PROBLEM TO WORK ON
From the line containing "Heute Abend ist" to the end of the records below, both included, every line should be repeated exactly; pictures should be dropped.

SOURCE DATA
────────────────────
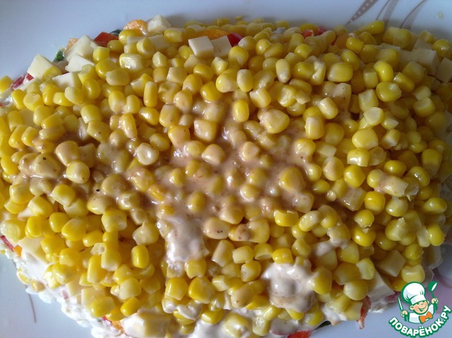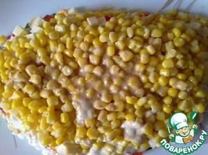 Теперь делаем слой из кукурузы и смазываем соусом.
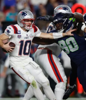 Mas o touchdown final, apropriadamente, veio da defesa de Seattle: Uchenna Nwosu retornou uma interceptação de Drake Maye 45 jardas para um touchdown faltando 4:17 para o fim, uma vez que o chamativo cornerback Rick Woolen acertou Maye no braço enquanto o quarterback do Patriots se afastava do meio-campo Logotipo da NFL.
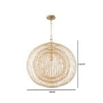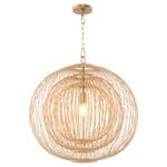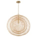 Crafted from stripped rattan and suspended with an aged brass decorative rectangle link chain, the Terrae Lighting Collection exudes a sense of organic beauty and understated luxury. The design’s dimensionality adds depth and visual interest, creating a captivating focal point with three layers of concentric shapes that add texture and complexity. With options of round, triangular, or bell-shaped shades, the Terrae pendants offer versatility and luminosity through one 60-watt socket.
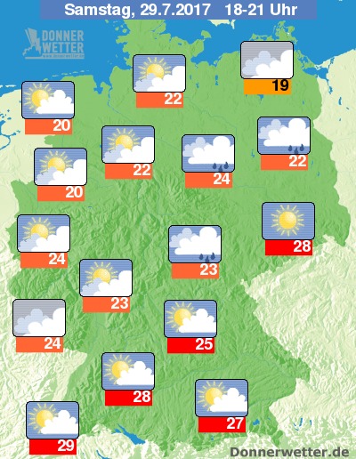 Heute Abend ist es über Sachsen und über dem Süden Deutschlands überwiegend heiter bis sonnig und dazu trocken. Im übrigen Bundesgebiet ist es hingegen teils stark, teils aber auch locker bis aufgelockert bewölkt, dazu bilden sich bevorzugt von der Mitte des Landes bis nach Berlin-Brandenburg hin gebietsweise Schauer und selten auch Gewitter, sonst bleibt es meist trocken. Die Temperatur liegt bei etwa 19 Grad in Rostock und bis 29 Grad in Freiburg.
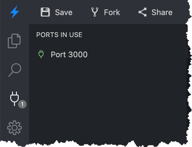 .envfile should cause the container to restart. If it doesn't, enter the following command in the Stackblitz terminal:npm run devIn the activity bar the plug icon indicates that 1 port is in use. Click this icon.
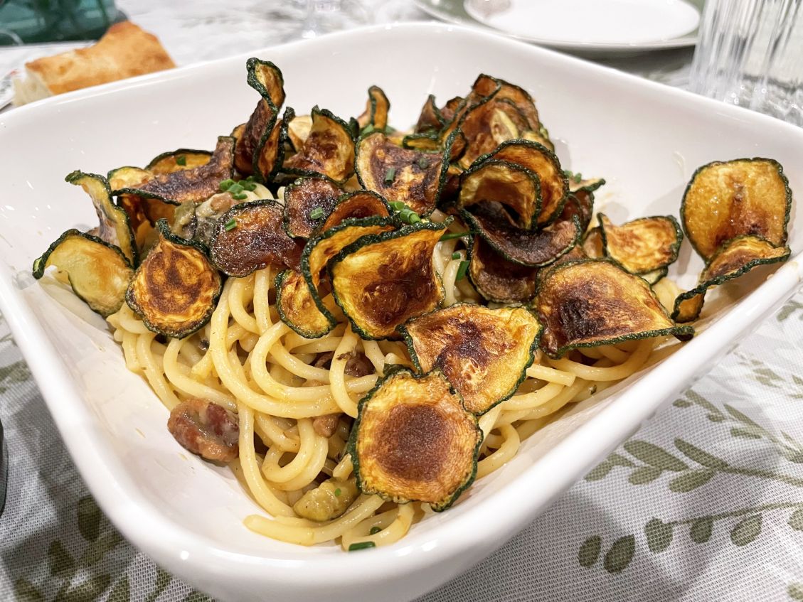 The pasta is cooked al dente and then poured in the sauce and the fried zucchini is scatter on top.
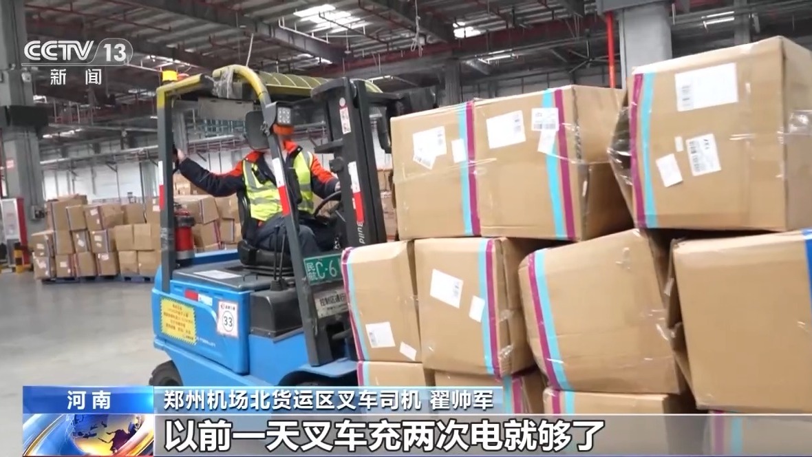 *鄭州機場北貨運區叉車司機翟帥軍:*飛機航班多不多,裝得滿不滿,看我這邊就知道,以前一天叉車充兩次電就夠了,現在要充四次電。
────────────────────
ANSWER SPACE
 Heute Abend ist es über Sachsen und über dem Süden Deutschlands überwiegend heiter bis sonnig und dazu trocken. Im übrigen Bundesgebiet ist es hingegen teils stark, teils aber auch locker bis aufgelockert bewölkt, dazu bilden sich bevorzugt von der Mitte des Landes bis nach Berlin-Brandenburg hin gebietsweise Schauer und selten auch Gewitter, sonst bleibt es meist trocken. Die Temperatur liegt bei etwa 19 Grad in Rostock und bis 29 Grad in Freiburg.
 .envfile should cause the container to restart. If it doesn't, enter the following command in the Stackblitz terminal:npm run devIn the activity bar the plug icon indicates that 1 port is in use. Click this icon.
 The pasta is cooked al dente and then poured in the sauce and the fried zucchini is scatter on top.
 *鄭州機場北貨運區叉車司機翟帥軍:*飛機航班多不多,裝得滿不滿,看我這邊就知道,以前一天叉車充兩次電就夠了,現在要充四次電。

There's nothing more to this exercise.